MT. SHASTA, CA – I had spent several days prowling around the mountain but I had absolutely no urge to go up it. I had been on it once before many years ago and I knew it couldn’t be conquered, that I didn’t even want to. I no longer had the hubris. The mountain had vanquished me spiritually if not physically and it had taught me to love the warmth of mankind.
Still, I did enjoy looking at it, seeing it there, feeling it there.
Finally, I pointed the van downhill and began my return to the flatlands. I had already put it off as long as I could. Life itself was calling.
Just below the mountain is a somewhat worn-out town called Dunsmuir. It was a town that once had poetry but lost it.

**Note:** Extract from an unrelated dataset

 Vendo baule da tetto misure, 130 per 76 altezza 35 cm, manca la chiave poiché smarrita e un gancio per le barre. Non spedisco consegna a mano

I had resolved to drive through without stopping, to stay on the freeway. It is a town of people who turn out to be not what they seem. That, at least, is how I knew it. It made good sense to drive straight through.

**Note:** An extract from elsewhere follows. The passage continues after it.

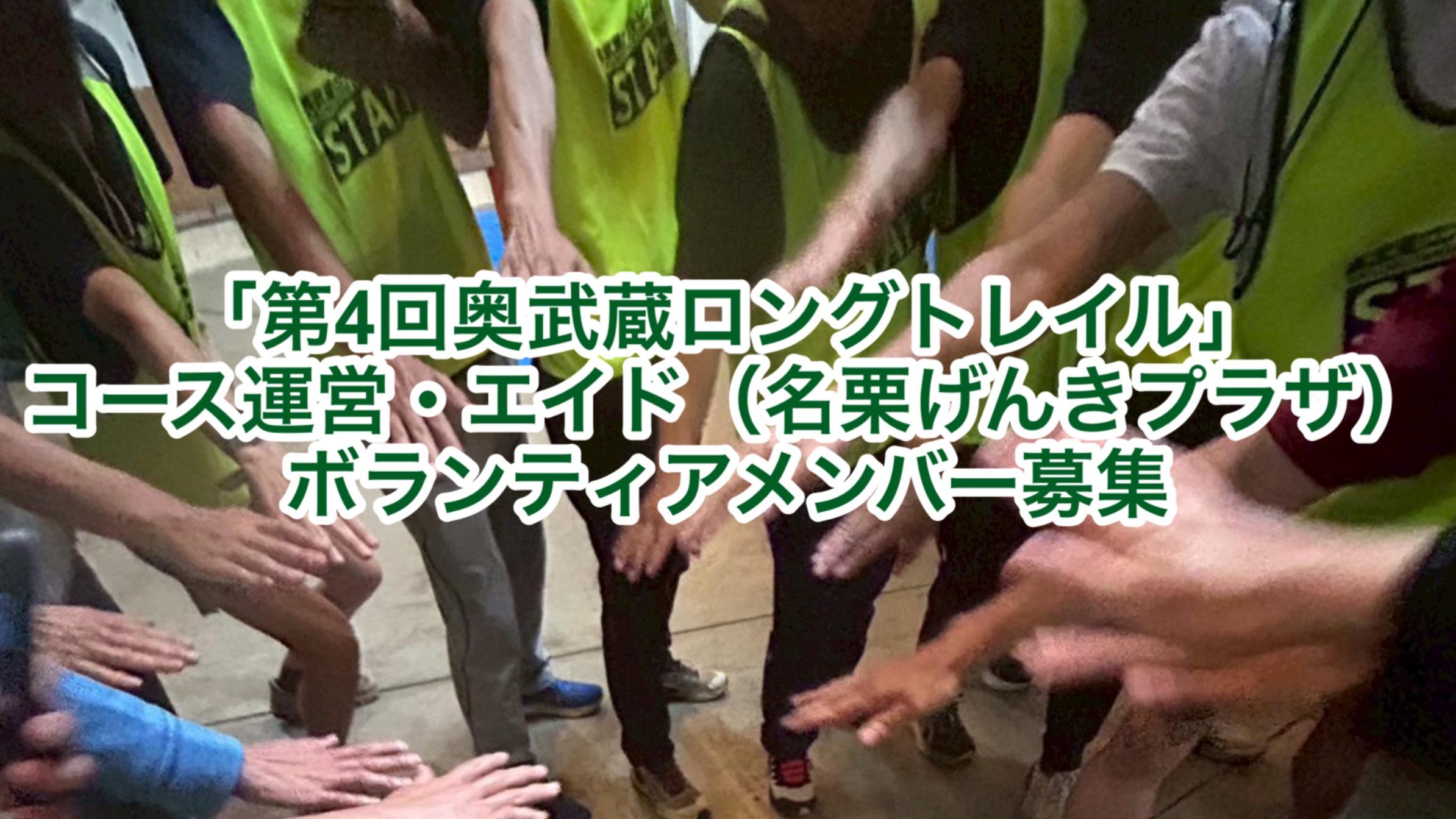 5月30日、31日に開催されます「奥武蔵ロングトレイル」のボランティアメンバー募集になります。今年度からコース運営はBeeeBeeeが行うこととなりました。一人でも多くの方にご協力をいただきたくお願い申し上げます。単独の申込でもOK、チームや団体での申込もOKです。一緒に楽しくたくさんのランナーの後押しをしましょう。「募集詳細」に記載されている募集ボランティアをご確認ください。

But at the last moment, not knowing why, I veered from the freeway, pulled into town by the same force that had kept me a safe distance from the mountain.
It was then that I knew where I had to go. I went looking for the cemetery down by the railroad tracks. It was here, many years ago, that I had spent the night. I had come up there on a freight train for a gathering of the National Hobo Association. This wasn’t the famous convention held in Britt, Iowa each year but rather a regional gathering of occasional and some full-time hobos. Many of my fellow travelers had come up from Los Angeles; some of them worked in the movies. We were interested in the old hobo lore and the freedom. And we wanted to have a good time.
Our host was an old hobo who had retired from the rails. They liked him in town and they had given him a job as caretaker of the local cemetery. The job came with a wooden house surrounded by graves.
This suited him just fine. Hobos are quick to point out that they are migrant workers. That they want to work. Unlike tramps, who travel but only work when they have to, hobos are hard workers. And they are nothing like bums who neither travel nor work. It’s an important point for hobos because the three are often considered one and the same in polite society.
My mentor, an old hobo named Abe, gave me a lesson in this our very first day on the road together in Texas. When we were hungry he marched into a Domino’s Pizza and offered to sweep the parking lot in exchange for food. The same man who had been lecturing me on walking too fast all day long grabbed a broom and swept that parking lot with more gusto than I had ever seen anyone sweep before. We devoured those two pizzas he’d earned for us.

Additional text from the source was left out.